RANT: What the @#*%!! is With These Bands ??

Most often, this little space in the Blogosphere will be used to expand on something that is or will be in the Kitsap Sun (the Flamethrower) and/or kitsapsun.com (the Cyber-Flamethrower), or air something that should’ve been, but was too late or too uncatagorizeable (?? is that a word? is that a misspelling? I’m told I can get away with misspellings in Cyberspace, because nobody cares …)

But once in a while, there’ll be something that wouldn’t go in the paper or on the Web site, little personal missives from yours truly that will be unique to this BlogSpace. These usually will fall into the categories of either Rants or Treasures .

Treasures will be little notes, reviews in review, of older CDs or movies that you might’ve missed when they were new, but still are recommended, either by me or somebody I trust to not steer us all toward swill.

Raves will be, well, complaints. Screeds. Bitches. Moans. Tirades. Tantrums. Probably long-winded, probably bad-tempered, perhaps ill-advised, but honest opinions that you can respond to, if you like, either in agreement or with some reactionary raving of your own.

It could be fun, and cathartic. It probably won’t be good journalism, but, hey … it’s Cyberspace, people, and anything goes (anything, that is, that won’t get Yours Truly kicked off of said Cyberspace … because once you’re kicked off of Cyberspace, I imagine, there’s no place else to go).

All that being said, here’s our inaugural Rave:

WHAT THE @#*%!! is with all these band that have the word @#*%!! in their names ??

I suppose it used to be provocative, or shocking, or cutting-edge, "anti-establishment." Now, it’s just boring. It’s a cry for help.

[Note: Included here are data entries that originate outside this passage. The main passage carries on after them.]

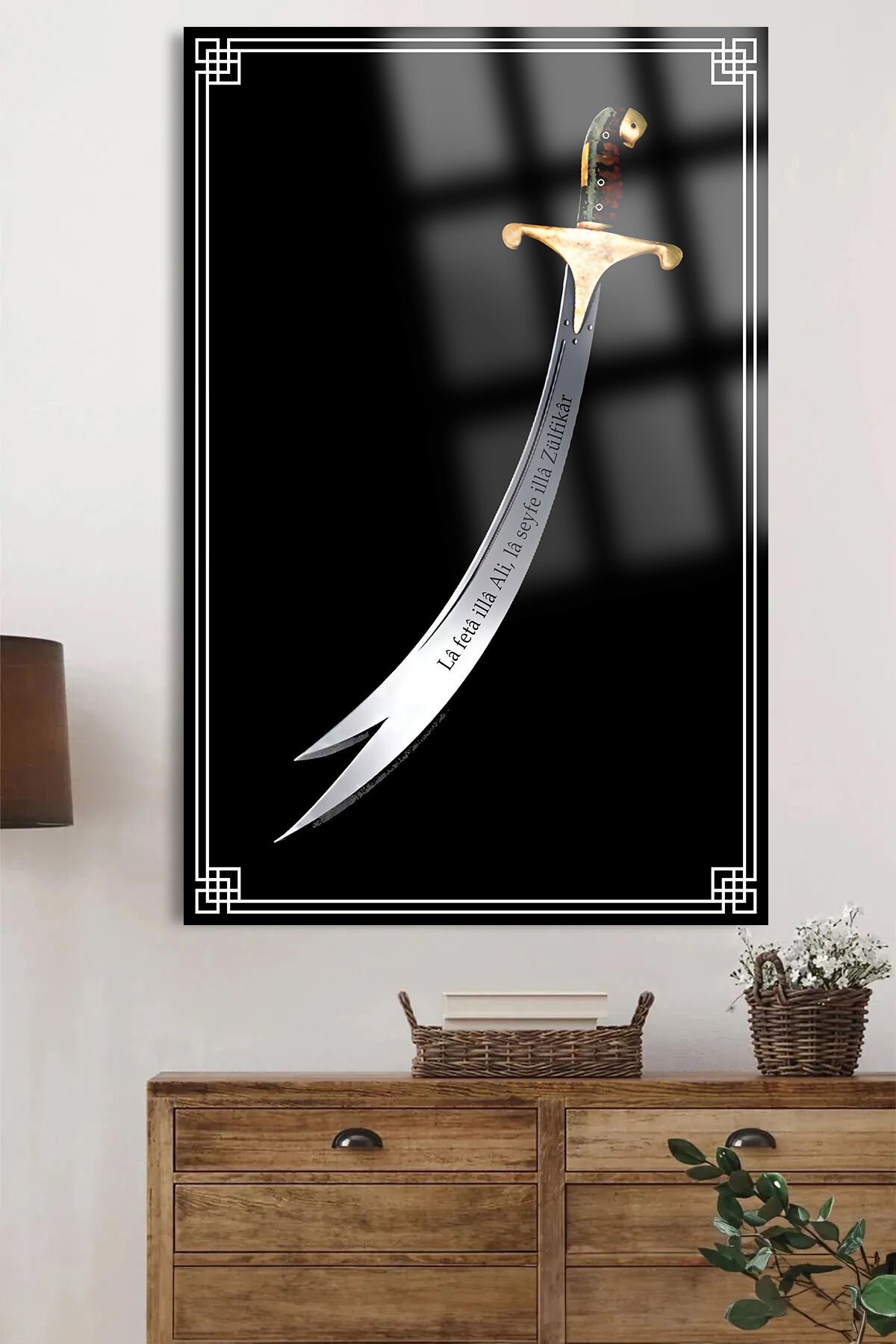 HZ.ALİ ZÜLFİKAR DİNİ İSLAMİ KIRILMAZ LÜKS CAM TABLO EV, İŞ YERİ, OFİS HEDİYESİ Siyah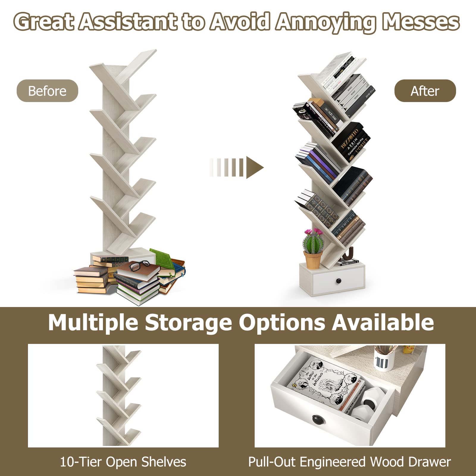 • 10-Tier Bookshelf with Drawer: Giantex tree bookcase is designed with 10 wide shelves in total, you can stack books based on different classification rules on each shelf. More, there is a pull-out wooden drawer at the bottom, allowing you to gain privacy for keys.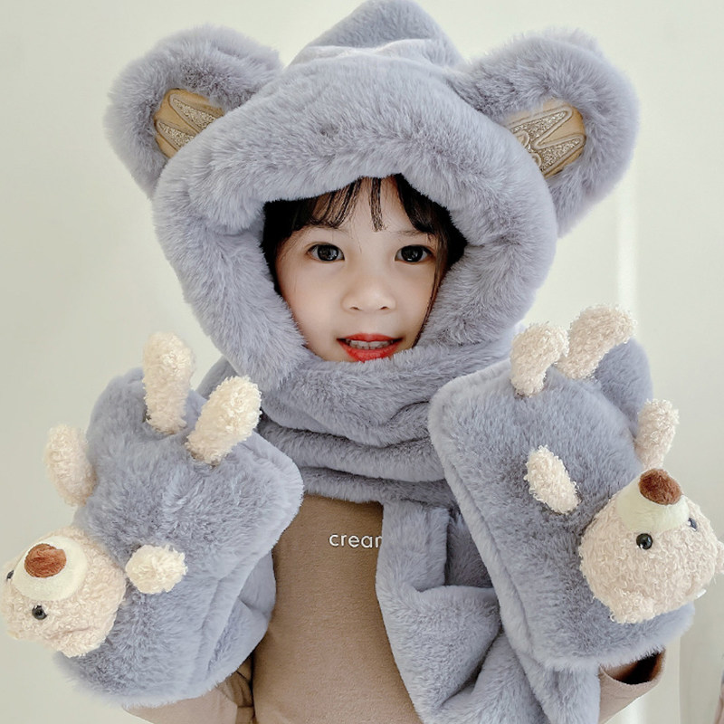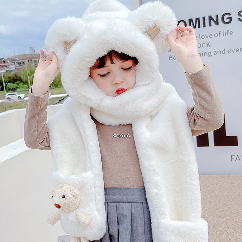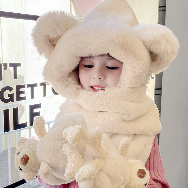 尼多熊儿童帽子围巾一体冬季防风帽宝宝毛绒护耳帽女童加厚保暖帽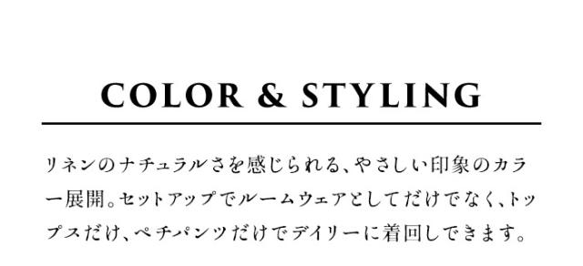 特徴 細番手の糸を使用した、薄手で透け感も楽しめる、柔らかな風合いの、フレンチリネン100%のルームウェア。ゆったりシルエットで風通しがよく、シンプルながらも野暮ったくならない、どこか洗練された、大人に似合うセットアップ。吸放湿性に優れ、速乾性の高いリネンだから、汗をかく季節も快適に過ごせます。元々柔らかな生地感ですが、着て、洗う毎にどんどん柔らかく馴染み、自分だけのリラックスウェアが完成します。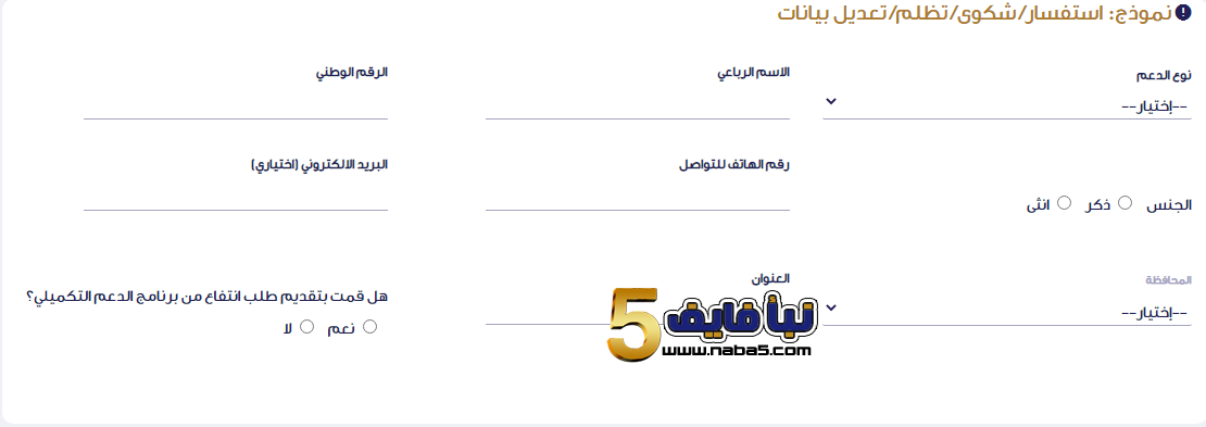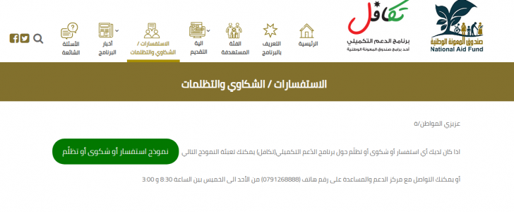تقديم طلب اعتراض على عدم وصول الدعم النقدي للعمال المياومة أو اي استفسار آخر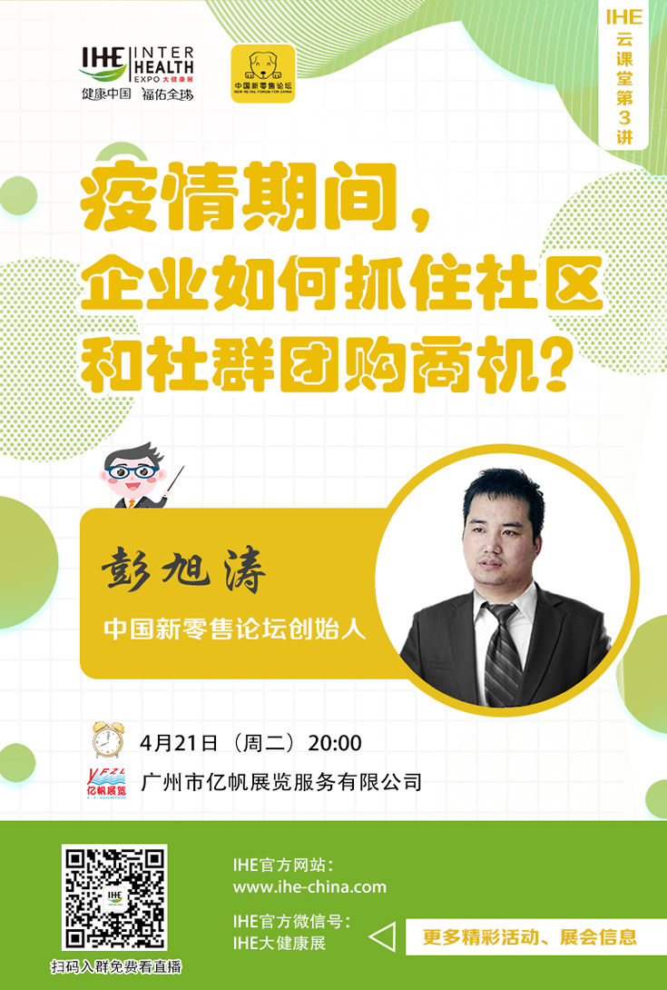 4月21日晚上8點,IHE China大健康展云課堂第3講,特邀新零售論壇創始人彭旭濤做客直播間,經由實戰案例,剖析社區團購的興起與邏輯,展望社區團購的未來,帶來獨家解讀:“疫情期間,企業如何抓住社區和社群團購的商機?”,為企業接下來布局后疫情期,提供可資借鑒的方法論與思想干貨。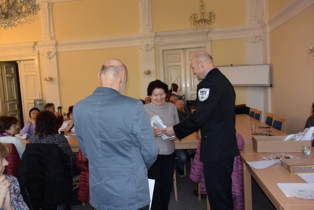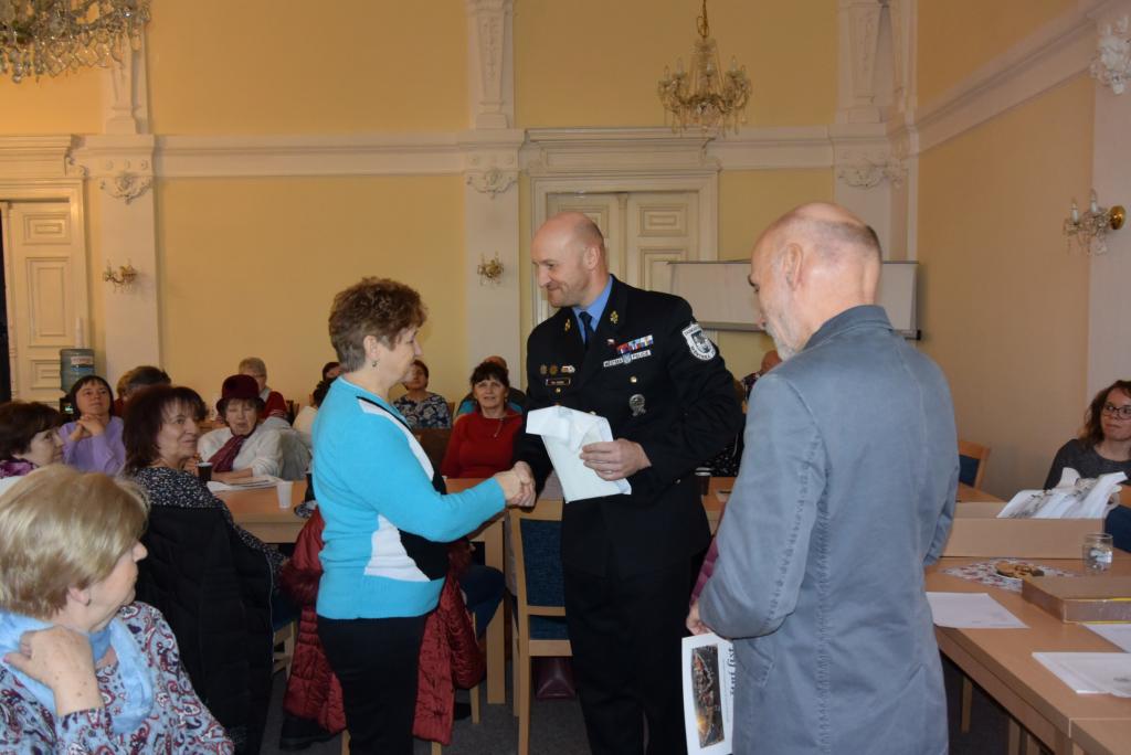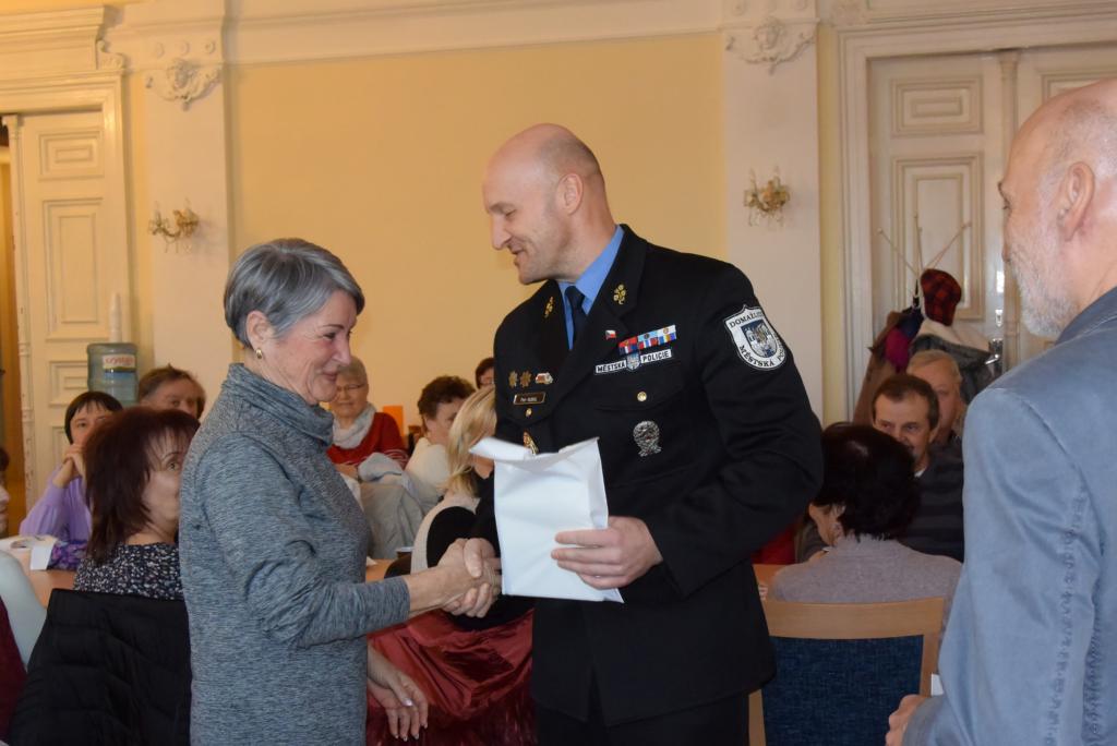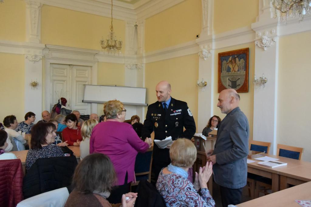 Senioři se dne 30.01.2020 naposledy sešli na 3. ročníku Domažlické senior akademie. Po dobu 11-ti týdnů se senioři společně scházeli a v přednáškových blocích se postupně seznamovali s různými tématy. Účastníci poznali činnost městské policie a Policie ČR, zopakovali si základy první pomoci, navštívili HZS Domažlice, probrali kriminalitu páchanou na seniorech, nechyběla ani sebeobrana pro seniory a trénink paměti. Slavnostní zakončení akce se konalo za přítomnosti starosty města Domažlice JUDr. Zdeňka Nováka a velitele městské policie Mgr. Petra Kubala. Z jejich rukou senioři převzali pamětní listy a drobné dárky. Třetí ročník senior akademie byl zakončen malým překvapením, a to vystoupením harmonikáře, se kterým si senioři s chutí zazpívali. Tento preventivní projekt se těšil velkému zájmu seniorů, pořádající Městská policie Domažlice spolu s Městskou radou seniorů Domažlice bude v pořádání projektu nadále pokračovat.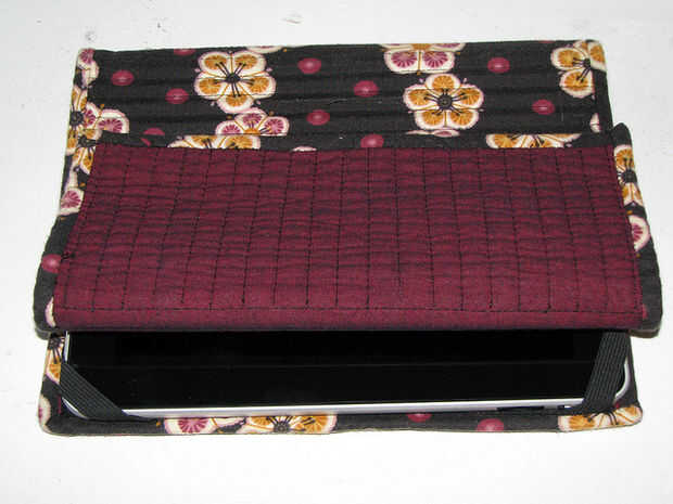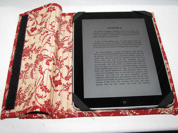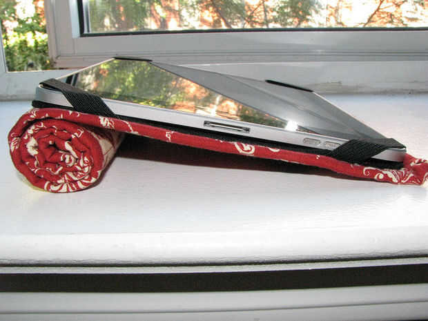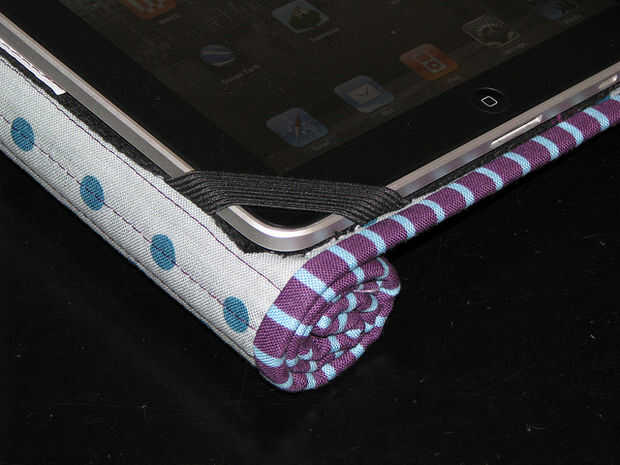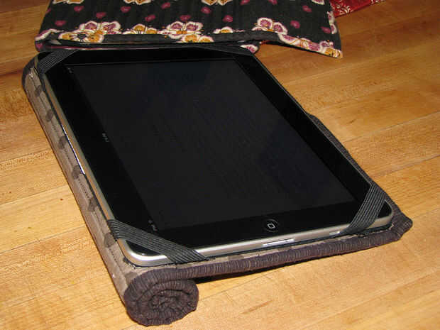 Cuando el iPad salió por primera vez, las opciones de la cubierta eran bastante débiles. El caso de Apple oficial fue agradable ya que era delgada y por lo que podría apuntalar la pantalla. Generalmente hacer casos de cremallera para los dispositivos, pero para el iPad pareció preferible disponer de un caso que podría permanecer en mientras la está usando. Me inspiré por el Gigabyte Roll Pad que utilizo para mi portátil para crear este caso acolchada. Se abre como un libro para sostener en una mano, o rollos abierto para sostener tu iPad para que tenga un ángulo de visión bueno.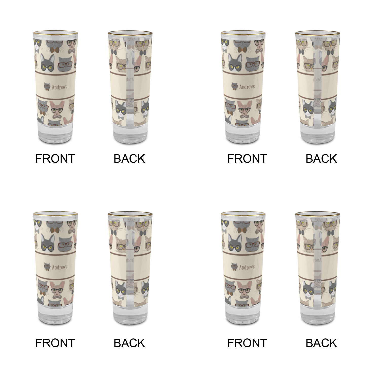 These glass shooter glasses are printed in full color with the design of your choice. These are a tall shooter 2 oz size and stand 4" tall. The print is a full wrap design to boldly display your personalization.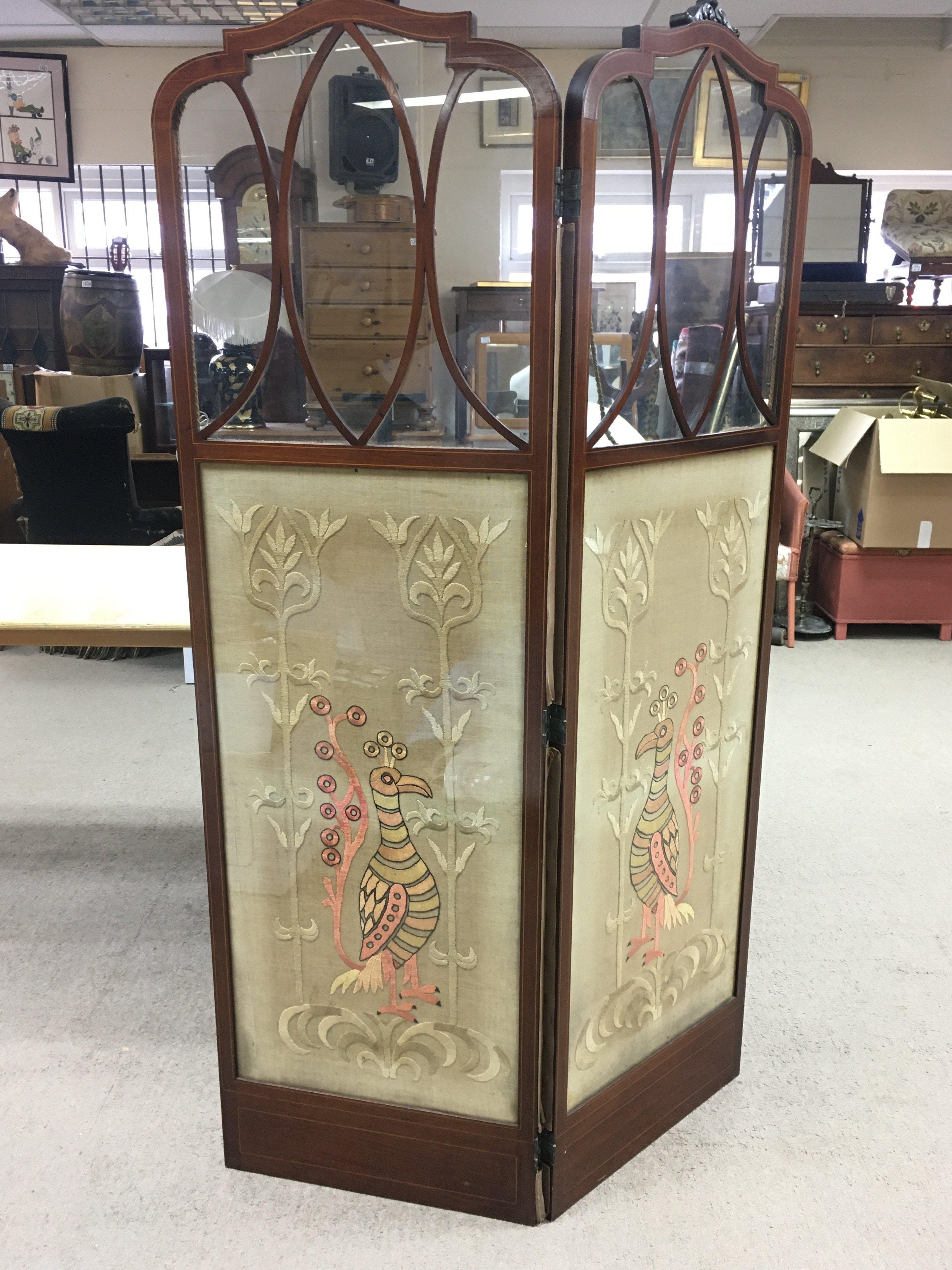 An Edwardian peacock panel mahogany inlaid design screen , 169cm tall approximate this lot cannot be posted

Nowadays, the word @#*%!! in a band name tells me you’ve got nothing else. "We can’t play, we can’t write, we don’t have much in the way of stage presence or charisma, or even good hair, but … @#*%!!

I’m against censorship. But I’m also sensitive to the folks who’d like to hear and see certain things only if they so choose.

Even so, if the word @#*%!! was in any way germaine to what you’re doing with your music, or relevent to the way you make your music, I’d be the first to tell you to go @#*%!! yourselves … namewise, that is.

But if it’s just a cheap, hackneyed, boring play for a few seconds of attention, then I’ve got to tell you it’s having the exact opposite effect. It’s telling me to ignore you. Remember the old commercial: "With a name like Smuckers, it’s got to be good?" Well, with a word like @#*%!! in your name, you’ve got to be bad.

First, get some game. Then get a name.